I read a very interesting article in the New York Times about a woman with BPD who had taken low-paying jobs for years because she thought her BPD would make it impossible to function in a high-powered job. She came to realise that it was important to consider not only whether she was a good fit for the job, but whether the job was a good fit for her. She now has a job that makes use of her considerable intelligence and talent, & is able to manage her BPD so it doesn't interfere with her work.

@DevyWevy749

I ended up using this video to try to inform my mother that I'd been diagnosed while away at University.. she said my behaviour finally made sense and apologized for the way she had treated me while I lived with her. Thank you so much for posting this- It's always a comfort to know that one is not alone.

@stelpan62

Watching this has been a humbling experience for me. The next time I want to automatically label and judge someone as being a drama queen, emotionally unstable or just plain nuts ~ I will be thinking about it with compassion and understanding.
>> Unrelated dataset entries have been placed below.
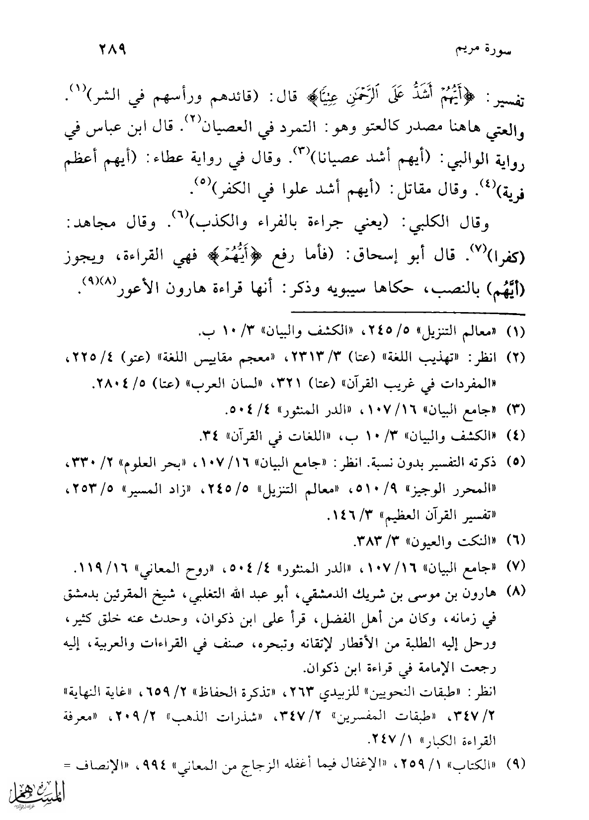 تفسير: {أَيُّهُمْ أَشَدُّ عَلَى الرَّحْمَنِ عِتِيًّا} قال: (قائدهم ورأسهم في الشر) (¬1). والعتي هاهنا مصدر كالعتو وهو: التمرد في العصيان (¬2). قال ابن عباس في رواية الوالبي: (أيهم أشد عصيانا) (¬3). وقال في رواية عطاء: (أيهم أعظم فرية) (¬4). وقال مقاتل: (أيهم أشد علوا في الكفر) (¬5).
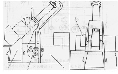 如圖4.3-2所示,該機由主機3、液壓站1、閥塊5、控制箱4和下機架2等五部分組成。主機3以45°傾角安裝于下機架2上。主缸(壓料缸)、門缸、控制門、門栓及壓模腔五大總成構成主機工作機構。主缸和門缸分別位于壓模腔的上下兩端。
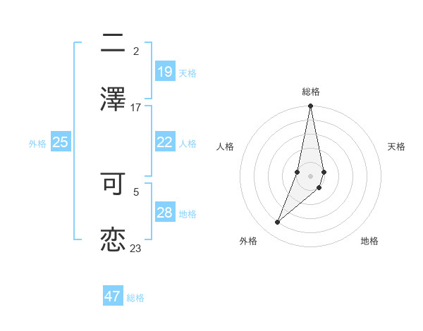 二澤 可恋さんの総格は47画の5点!
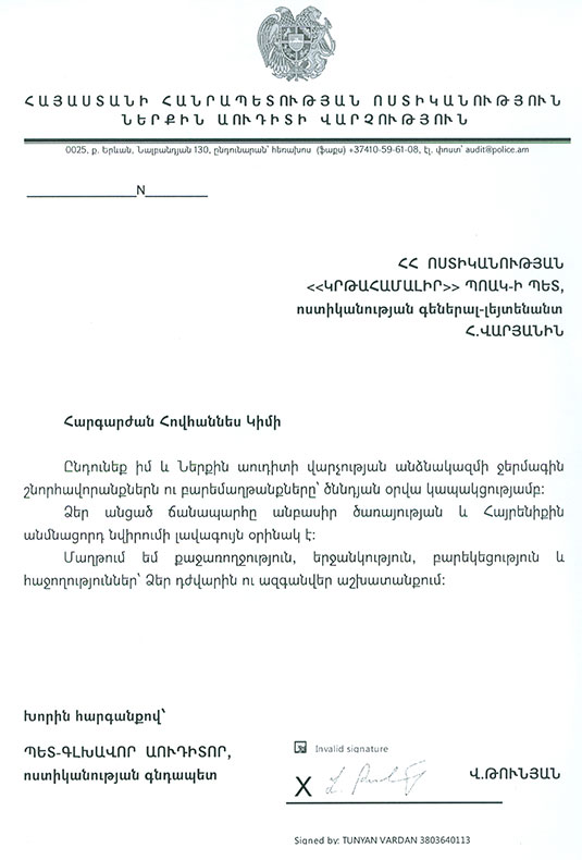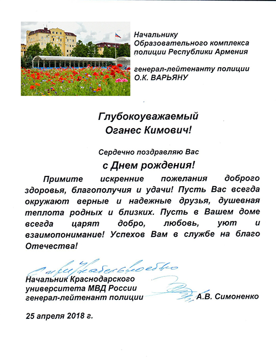 Մեր գործընկերների շնորհավորանքները գեներալ-լեյտենանտ Հովհաննես Վարյանի ծննդյան օրվա կապակցությամբ
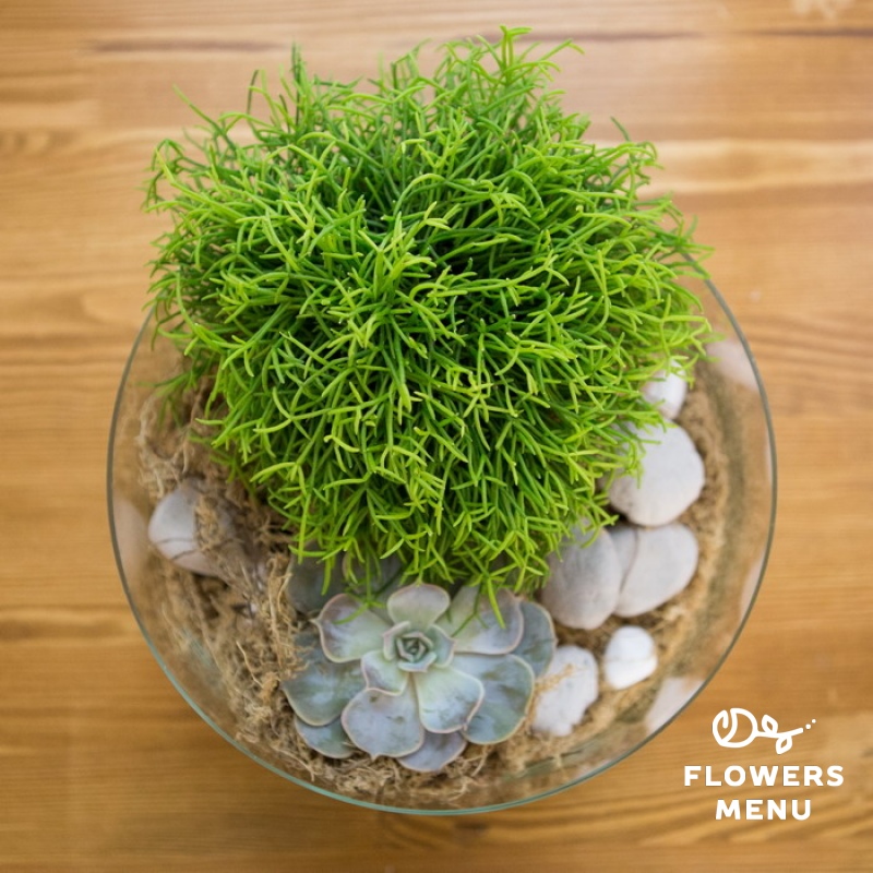 Состав: Суккуленты, грунт, декоративные камни, дренаж, мох, цветной гравий, стеклянное кашпо d=17 см, h= 12 см

I always thought that cutting and hurting yourself was completely insane but now I understand...

@esmithy89

Back from the hospital today diagnosed for a second time with BPD and I cannot express how much I want BPD to be made aware to people in the UK there is not enough attention on this disorder.

@lovewithlucifer

I've gotten so much better and I am so proud of myself.

@PUARockstar

All the good things to fellow BPD sufferers.
Very good documentary.

@Godlim17

I have BPD and I have a lot of empathy it is often what leads to my destructive behavior is the guilt I feel towards other people. Lack of empathy is not in the criteria for the diagnosis of Borderline so to assume that all of us have a narcissistic tendency is false.

@OrphanIzzy

This is most accurate info on BPD that I have ever found. On the Internet it is hard to find accurate and non-stigmatizing information, and easy to find misconceptions, warnings, and cruel comments such as "BPD sufferers are God's mistakes". I spent years overcoming the symptoms, and it kills me that some people never get help living intensely painful lives. We are good, loving people. We just have unique emotional needs that are almost impossible for others to meet, and for us to have met.